◆ YOUR INSTRUCTIONS ◆
With the pictures omitted, print exactly the lines below, from the one containing "Average total porosity" through the one containing "Vor einem Olivenhain", and nothing else.

____________

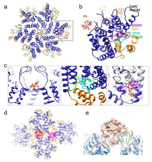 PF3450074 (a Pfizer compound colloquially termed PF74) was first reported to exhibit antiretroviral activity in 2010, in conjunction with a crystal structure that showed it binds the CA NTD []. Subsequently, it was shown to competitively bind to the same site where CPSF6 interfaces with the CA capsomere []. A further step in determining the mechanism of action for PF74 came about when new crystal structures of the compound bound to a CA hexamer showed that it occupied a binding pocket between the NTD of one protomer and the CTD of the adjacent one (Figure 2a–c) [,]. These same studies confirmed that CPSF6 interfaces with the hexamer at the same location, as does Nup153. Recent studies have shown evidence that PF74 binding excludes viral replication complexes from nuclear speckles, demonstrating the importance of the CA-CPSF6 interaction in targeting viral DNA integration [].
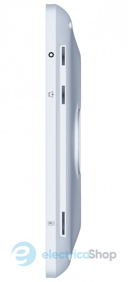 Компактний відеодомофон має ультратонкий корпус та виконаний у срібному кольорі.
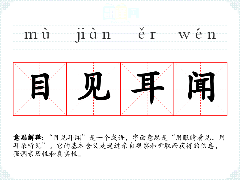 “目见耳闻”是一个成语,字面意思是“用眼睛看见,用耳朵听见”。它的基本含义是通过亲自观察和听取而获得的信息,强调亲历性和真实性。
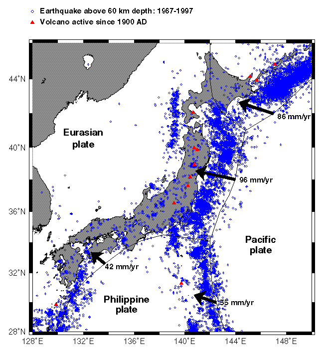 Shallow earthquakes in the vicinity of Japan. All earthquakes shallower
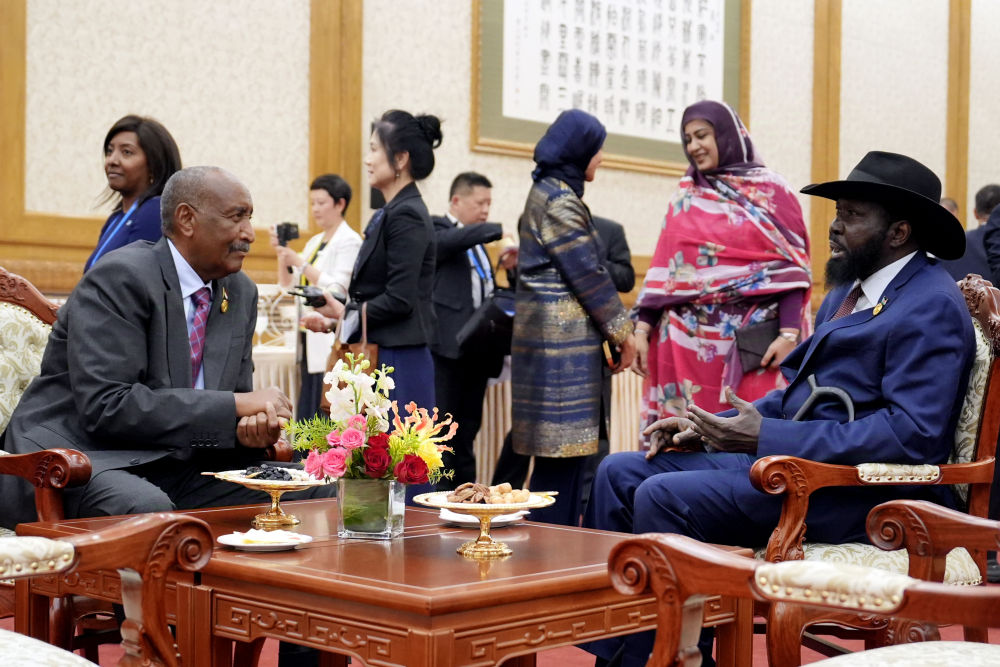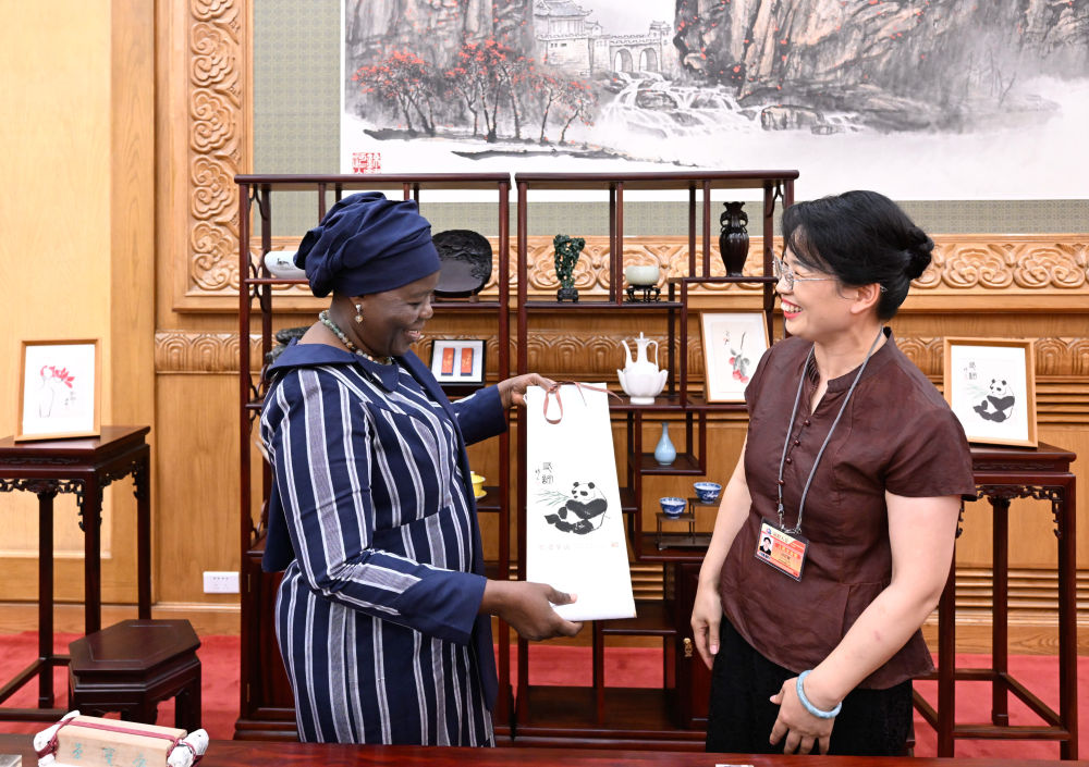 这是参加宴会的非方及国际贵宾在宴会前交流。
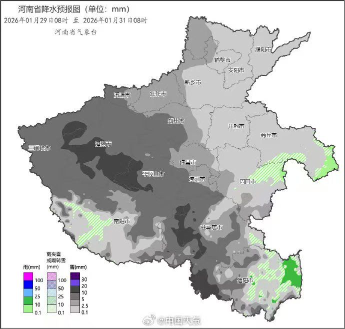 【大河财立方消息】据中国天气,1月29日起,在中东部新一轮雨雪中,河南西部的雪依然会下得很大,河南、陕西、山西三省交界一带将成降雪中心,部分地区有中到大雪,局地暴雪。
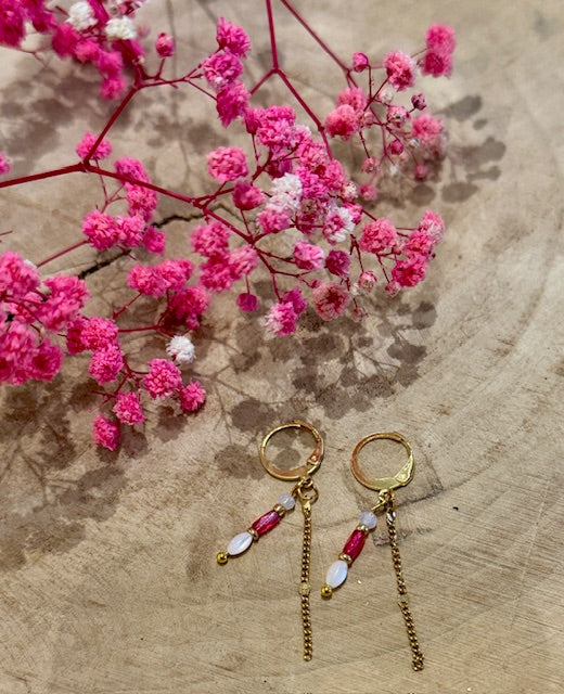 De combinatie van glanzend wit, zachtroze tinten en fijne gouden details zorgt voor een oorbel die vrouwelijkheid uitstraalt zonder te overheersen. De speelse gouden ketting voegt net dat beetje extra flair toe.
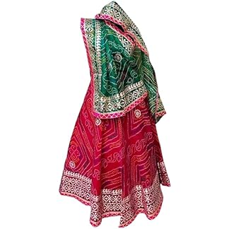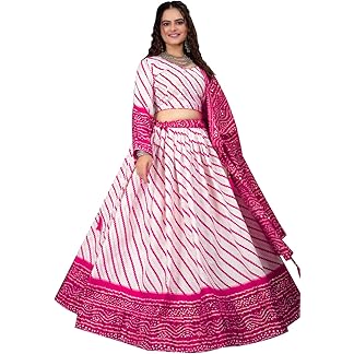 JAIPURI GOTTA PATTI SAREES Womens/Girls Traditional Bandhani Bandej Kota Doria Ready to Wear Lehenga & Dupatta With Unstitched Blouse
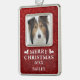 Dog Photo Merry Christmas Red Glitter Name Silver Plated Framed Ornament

____________

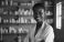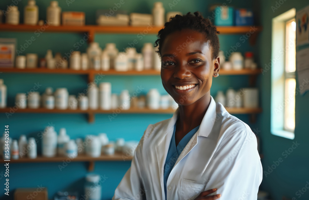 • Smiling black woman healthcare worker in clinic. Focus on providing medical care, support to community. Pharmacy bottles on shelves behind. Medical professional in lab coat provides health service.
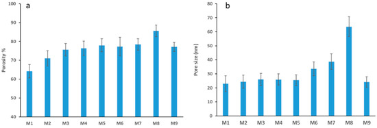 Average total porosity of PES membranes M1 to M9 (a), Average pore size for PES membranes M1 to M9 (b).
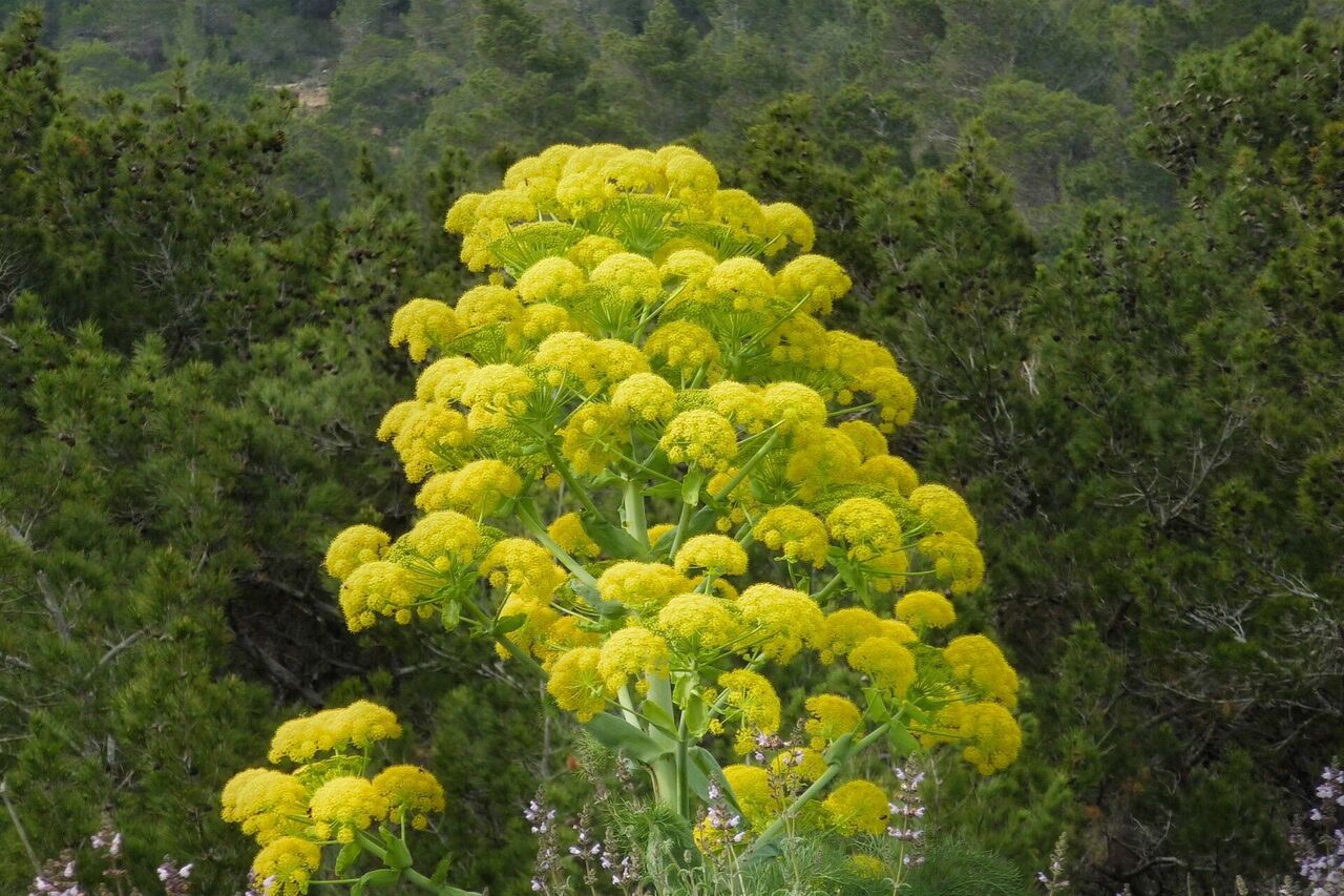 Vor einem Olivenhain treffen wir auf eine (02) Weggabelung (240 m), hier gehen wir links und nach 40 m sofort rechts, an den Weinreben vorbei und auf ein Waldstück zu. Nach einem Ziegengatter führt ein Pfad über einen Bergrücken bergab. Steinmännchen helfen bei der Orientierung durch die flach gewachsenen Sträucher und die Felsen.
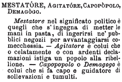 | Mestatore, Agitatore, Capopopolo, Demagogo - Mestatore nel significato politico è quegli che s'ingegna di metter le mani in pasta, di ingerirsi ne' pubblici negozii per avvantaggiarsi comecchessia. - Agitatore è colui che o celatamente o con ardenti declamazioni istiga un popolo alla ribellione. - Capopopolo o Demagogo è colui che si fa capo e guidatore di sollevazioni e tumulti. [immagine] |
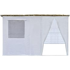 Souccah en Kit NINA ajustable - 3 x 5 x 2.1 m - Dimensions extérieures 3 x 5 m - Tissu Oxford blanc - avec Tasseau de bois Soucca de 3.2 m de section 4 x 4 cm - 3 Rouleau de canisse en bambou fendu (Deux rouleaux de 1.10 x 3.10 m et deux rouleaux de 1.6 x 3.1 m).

____________

◆ YOUR SOLUTION ◆
 Average total porosity of PES membranes M1 to M9 (a), Average pore size for PES membranes M1 to M9 (b).
 Vor einem Olivenhain treffen wir auf eine (02) Weggabelung (240 m), hier gehen wir links und nach 40 m sofort rechts, an den Weinreben vorbei und auf ein Waldstück zu. Nach einem Ziegengatter führt ein Pfad über einen Bergrücken bergab. Steinmännchen helfen bei der Orientierung durch die flach gewachsenen Sträucher und die Felsen.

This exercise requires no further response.